Temporal-Channel Transformer for 3D Lidar-Based Video Object Detection in Autonomous Driving¶
Most current 3D object detection algorithms only model single frame data, ignoring the temporal information of the sequence of data. In this work, the authors propose Temporal-Channel Transformer to model the spatial-pyramid domain and channel domain relationships for video object detecting from Lidar data. It has two main components, 1) a data enhancement module that integrates the most relevant information from the context frames to the target frame based on transformer in a voxel-wise manner, 2) a data refinement module that filters out object-irrelevant information based on the gate mechanism.

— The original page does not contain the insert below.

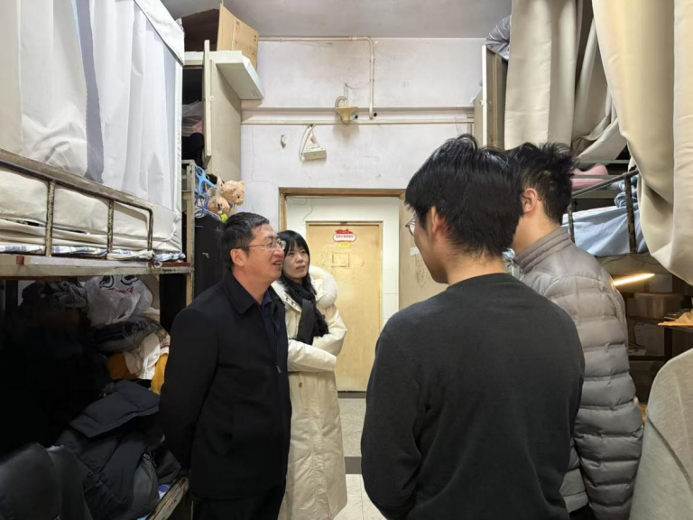 检查过程中,学院领导与辅导员走访学生宿舍,与同学们亲切交流,了解同学们的学习生活情况,并仔细查看宿舍卫生状况、用电规范、消防设施配备等情况,重点排查违规使用大功率电器、私拉乱接电线等安全隐患。

Experimental results show that Temporal-Channel Transformer achieves the SOTA performance in grid voxel-based 3D object detection on the nuScenes benchmark.
Method¶
The raw Lidar data generated at each time step is a sparse and irregular collection of point clouds frame, in which a point is represented as \(\{x, y, z, r\}\), containing 3D space location information \(\{x, y, z\}\) and reflection magnitude \(r\). Denote the raw point clouds frame at time step \(t\) as \(I_t\). This work focuses on detecting objects at \(t\) with a set of continuous frames \(\mathcal{I} = \{I_{t-T}, \dots, I_{t-1}, I_t, T_{t+1}, \dots, I_{t+T}\).